Posted by: admin May 14, 2020 Leave a comment

Questions:

I’m making an application that works as a compass..

I’m using the accelerometer and the magnetic field sensors to compute the azimuth angle through, sensor.getOrientation().

I’m searching for something that can improve the magnetic field sensor accuracy, since I’m getting it state of accuracy as UNRELIABLE!

Any one knows anything about this?I’m looking for something that can be either hardcoded or for instance just physically moving the phone until it gets calibrated!

How to&Answers:

This is not a final answer (I don’t know anything for sure), but my understanding from online posts is that waving the phone around in a figure of 8 a few times while the compass is in use is supposed to trigger automatic recalibration. This is what the google maps app suggests, for example. I don’t know whether this is dependent on application functionality (something in maps that detects the waving by accelerometer and triggers a recalibration), or something in the android stack, or something specific to per-phone implementations. Try it and see!

Eg discussion: http://androidforums.com/epic-4g-support-troubleshooting/217317-cant-get-compass-calibrate.html

This reference appears to suggest this per-axis / figure-8 rotation process is built-in functionality: http://m.eclipsim.com/gpsstatus/

And here another article that claims this is built-in functionality, and that you don’t even need to be running a compass-consuming app for the recalibration to work: http://www.ichimusai.org/2009/06/20/how-to-calibrate-the-htc-magic-compass/

Answer:

Just a few points

The figure 8 motion works sometimes and not others, I have no idea why, they really need to have some kind of code based way to check if the 8 motion worked (Assuming that the physical motion is actually required)

They also need a way to detect that calibration is required, I looked at the code for the accuracy output (the unreliable constant) and once they send it to you they will not send it again, so for instance if you calibrate but then come within a strong magnetic field it will not resend (not sure why they did that)

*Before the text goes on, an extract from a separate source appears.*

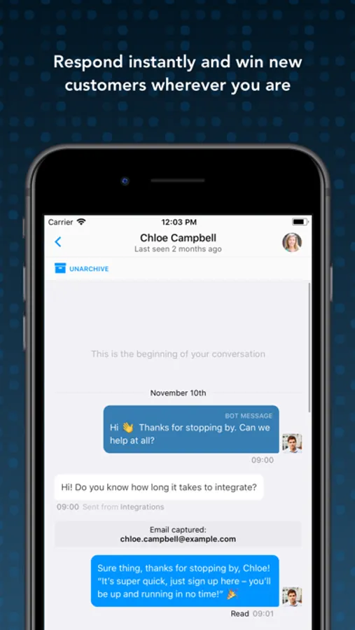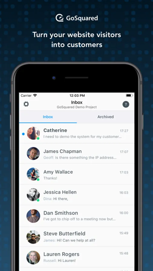 Inbox by GoSquared enables teams to talk with their customers via Live Chat while on the go.

One not completely reliable way to detect ongoing issues is that you can also use the magnetic sensor output and do something like field=sqrt(x*x+y*y+z*z) and check that field falls between say 25 and 65 and then ask the user to calibrate if it does not.

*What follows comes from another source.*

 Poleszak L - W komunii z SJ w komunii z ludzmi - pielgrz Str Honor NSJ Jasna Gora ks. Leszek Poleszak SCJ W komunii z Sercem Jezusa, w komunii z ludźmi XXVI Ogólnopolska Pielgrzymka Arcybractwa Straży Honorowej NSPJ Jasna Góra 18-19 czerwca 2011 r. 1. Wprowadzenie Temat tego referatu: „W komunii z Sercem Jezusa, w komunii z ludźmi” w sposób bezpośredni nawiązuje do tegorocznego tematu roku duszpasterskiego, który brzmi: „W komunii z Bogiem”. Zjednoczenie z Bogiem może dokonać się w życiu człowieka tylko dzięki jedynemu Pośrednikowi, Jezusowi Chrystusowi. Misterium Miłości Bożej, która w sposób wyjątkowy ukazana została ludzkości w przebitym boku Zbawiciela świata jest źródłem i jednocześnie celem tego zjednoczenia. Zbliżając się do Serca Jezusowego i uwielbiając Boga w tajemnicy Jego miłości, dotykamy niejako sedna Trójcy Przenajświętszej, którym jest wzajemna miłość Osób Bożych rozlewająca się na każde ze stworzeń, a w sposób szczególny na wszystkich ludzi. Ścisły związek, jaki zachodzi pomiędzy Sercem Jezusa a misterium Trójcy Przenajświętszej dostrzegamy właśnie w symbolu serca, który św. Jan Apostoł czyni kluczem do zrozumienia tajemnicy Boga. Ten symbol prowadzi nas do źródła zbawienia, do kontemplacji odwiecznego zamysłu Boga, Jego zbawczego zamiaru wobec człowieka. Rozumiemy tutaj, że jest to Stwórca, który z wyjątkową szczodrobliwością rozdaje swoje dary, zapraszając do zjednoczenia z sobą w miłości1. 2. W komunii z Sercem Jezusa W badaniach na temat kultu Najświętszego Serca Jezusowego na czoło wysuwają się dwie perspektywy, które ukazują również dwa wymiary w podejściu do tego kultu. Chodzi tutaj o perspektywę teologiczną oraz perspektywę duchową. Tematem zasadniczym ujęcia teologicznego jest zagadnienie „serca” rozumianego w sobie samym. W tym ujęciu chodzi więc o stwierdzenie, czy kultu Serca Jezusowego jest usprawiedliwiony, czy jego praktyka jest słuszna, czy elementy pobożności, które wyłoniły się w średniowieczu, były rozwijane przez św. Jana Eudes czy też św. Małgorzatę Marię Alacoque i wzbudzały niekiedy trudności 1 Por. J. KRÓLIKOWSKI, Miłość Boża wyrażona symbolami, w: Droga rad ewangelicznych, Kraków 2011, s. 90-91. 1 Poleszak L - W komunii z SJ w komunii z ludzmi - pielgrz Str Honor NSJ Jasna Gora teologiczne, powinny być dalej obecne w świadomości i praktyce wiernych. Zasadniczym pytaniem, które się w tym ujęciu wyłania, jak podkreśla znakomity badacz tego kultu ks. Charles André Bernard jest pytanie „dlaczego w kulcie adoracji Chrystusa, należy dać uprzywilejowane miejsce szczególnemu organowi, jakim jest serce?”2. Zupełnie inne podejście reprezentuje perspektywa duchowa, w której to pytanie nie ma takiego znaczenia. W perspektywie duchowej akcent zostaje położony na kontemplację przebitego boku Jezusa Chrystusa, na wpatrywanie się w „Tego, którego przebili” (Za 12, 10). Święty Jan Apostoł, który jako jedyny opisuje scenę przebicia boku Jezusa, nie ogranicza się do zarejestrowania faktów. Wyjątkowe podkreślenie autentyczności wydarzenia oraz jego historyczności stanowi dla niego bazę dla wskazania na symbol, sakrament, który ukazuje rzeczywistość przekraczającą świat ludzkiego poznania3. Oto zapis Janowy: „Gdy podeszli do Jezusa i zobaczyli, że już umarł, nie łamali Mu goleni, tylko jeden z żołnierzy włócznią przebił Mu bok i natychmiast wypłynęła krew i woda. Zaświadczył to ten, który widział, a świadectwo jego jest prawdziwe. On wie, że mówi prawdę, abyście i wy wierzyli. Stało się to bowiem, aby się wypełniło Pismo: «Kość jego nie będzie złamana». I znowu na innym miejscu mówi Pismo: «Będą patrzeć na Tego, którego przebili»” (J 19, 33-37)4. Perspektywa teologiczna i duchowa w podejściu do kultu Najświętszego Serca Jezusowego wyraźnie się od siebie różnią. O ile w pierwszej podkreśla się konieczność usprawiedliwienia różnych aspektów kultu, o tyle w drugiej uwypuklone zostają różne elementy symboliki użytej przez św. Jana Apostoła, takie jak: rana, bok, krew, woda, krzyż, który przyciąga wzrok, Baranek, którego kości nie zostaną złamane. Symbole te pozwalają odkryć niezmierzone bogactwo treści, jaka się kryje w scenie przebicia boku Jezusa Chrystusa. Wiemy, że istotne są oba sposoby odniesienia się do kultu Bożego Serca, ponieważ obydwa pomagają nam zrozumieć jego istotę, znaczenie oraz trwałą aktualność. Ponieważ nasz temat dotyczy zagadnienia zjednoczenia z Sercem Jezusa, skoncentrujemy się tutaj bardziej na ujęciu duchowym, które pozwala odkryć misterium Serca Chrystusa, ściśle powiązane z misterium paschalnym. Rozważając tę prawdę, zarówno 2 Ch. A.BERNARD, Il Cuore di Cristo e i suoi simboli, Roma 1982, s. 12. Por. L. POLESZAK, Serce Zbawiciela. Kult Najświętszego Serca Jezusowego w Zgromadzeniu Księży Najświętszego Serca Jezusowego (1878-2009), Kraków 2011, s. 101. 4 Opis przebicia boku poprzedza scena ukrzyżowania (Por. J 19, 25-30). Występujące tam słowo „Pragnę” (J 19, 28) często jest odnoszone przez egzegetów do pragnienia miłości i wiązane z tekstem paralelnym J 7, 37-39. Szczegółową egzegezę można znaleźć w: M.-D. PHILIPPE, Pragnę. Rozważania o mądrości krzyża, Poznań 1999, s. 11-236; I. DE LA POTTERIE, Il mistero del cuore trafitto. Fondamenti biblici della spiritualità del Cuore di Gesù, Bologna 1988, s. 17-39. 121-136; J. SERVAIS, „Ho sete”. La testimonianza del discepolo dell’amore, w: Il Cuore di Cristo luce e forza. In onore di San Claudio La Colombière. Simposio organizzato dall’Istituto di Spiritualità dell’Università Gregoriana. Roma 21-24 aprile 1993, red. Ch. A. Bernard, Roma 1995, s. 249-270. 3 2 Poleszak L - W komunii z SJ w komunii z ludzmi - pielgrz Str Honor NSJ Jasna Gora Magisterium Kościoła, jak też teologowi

The bottom line after testing 18 phones is that I would never depend on a Android based compass with the current crop of phones, accuracy would always be in question.

I have also found even if you are lucky and have a fairly reliable phone you can never be sure that it’s calibrated without checking it against a real compass, which kind of defeats the purpose.

NOTE: On a lot of the mis-behaving phones we have found that the sensor writes a calibration file and a tmp file with the same name. If you delete those files and re-boot the phones the calibration file is recreated with zero’d values and the cold start and general calibration problems resolve themselves.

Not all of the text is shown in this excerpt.